- REQUIREMENT:
Give back exactly the lines of the material below, starting with the line with "Zobna pasta za" and going on through the line with "Conjunto de piezas".

- TASK MATERIAL:
★ ★ ★

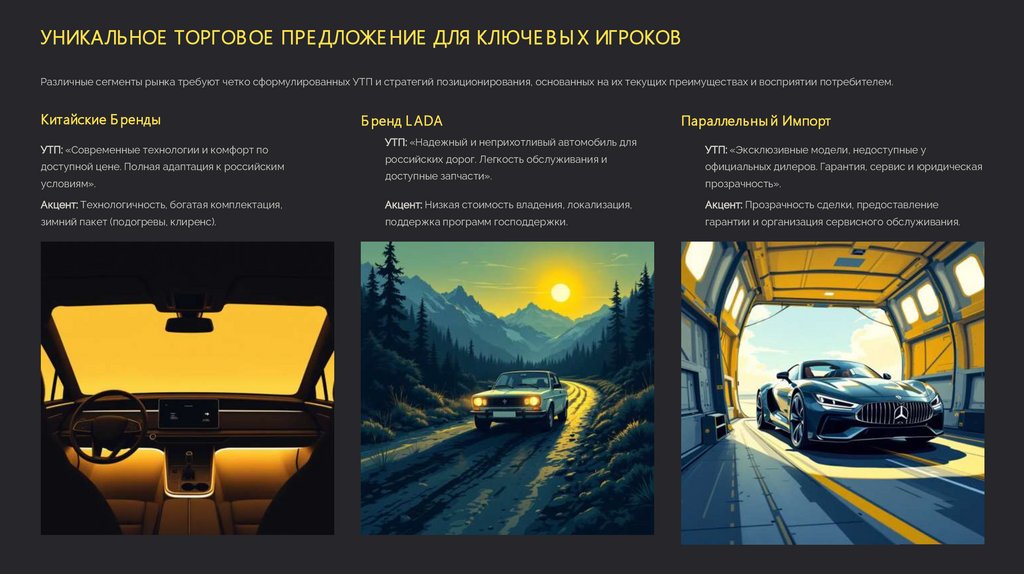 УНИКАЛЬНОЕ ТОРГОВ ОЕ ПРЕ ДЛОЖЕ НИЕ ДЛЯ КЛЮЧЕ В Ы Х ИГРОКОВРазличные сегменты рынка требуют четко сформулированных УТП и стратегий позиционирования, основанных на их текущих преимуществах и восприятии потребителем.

★ ★ ★

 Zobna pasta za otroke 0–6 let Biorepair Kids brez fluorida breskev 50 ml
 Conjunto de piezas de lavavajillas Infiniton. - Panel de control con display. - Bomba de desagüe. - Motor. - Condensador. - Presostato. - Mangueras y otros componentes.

★ ★ ★

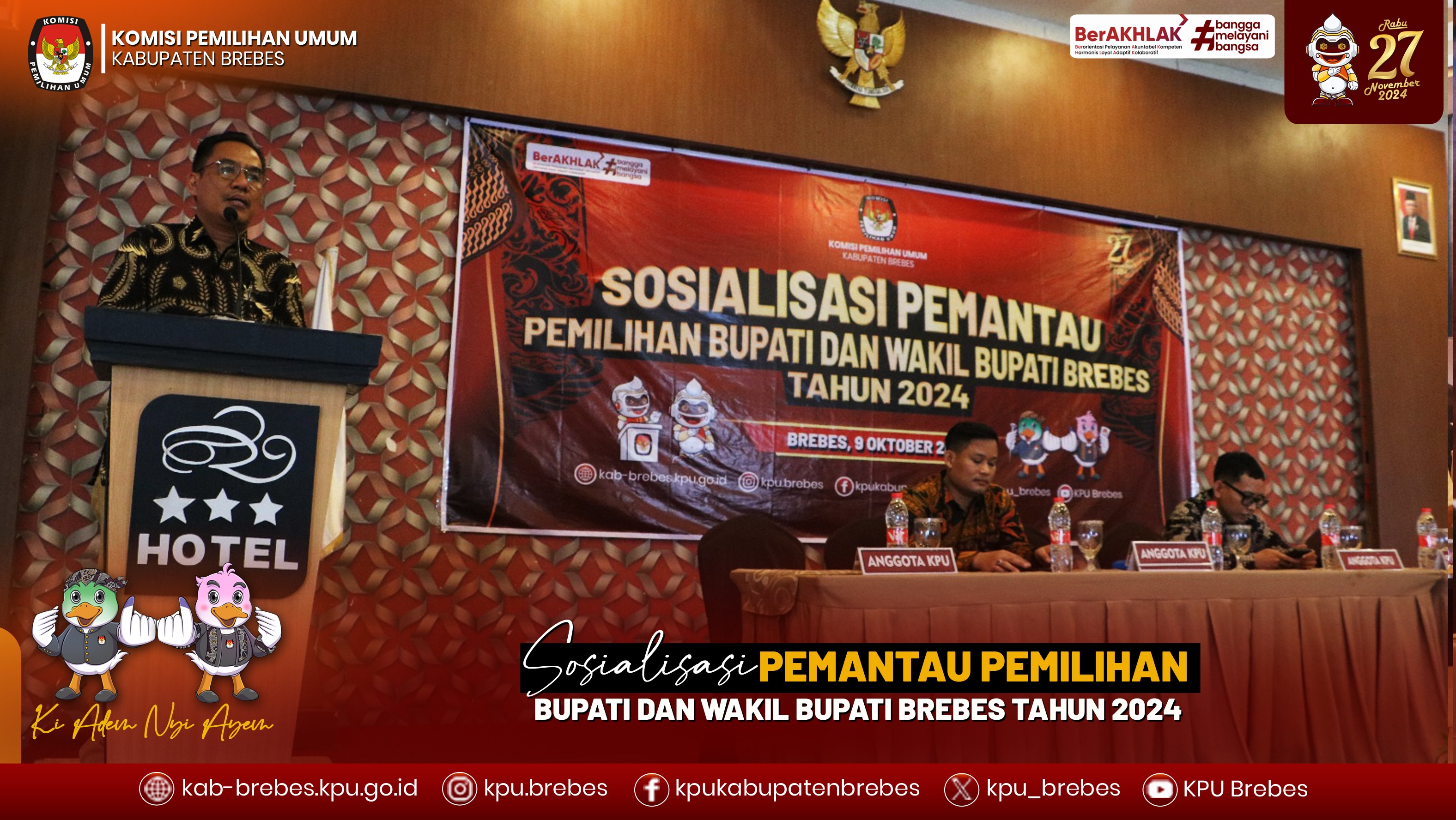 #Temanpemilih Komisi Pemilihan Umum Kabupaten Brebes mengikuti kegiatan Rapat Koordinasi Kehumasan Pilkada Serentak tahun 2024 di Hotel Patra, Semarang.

★ ★ ★

- EXERCISE RESPONSE:
 Zobna pasta za otroke 0–6 let Biorepair Kids brez fluorida breskev 50 ml
 Conjunto de piezas de lavavajillas Infiniton. - Panel de control con display. - Bomba de desagüe. - Motor. - Condensador. - Presostato. - Mangueras y otros componentes.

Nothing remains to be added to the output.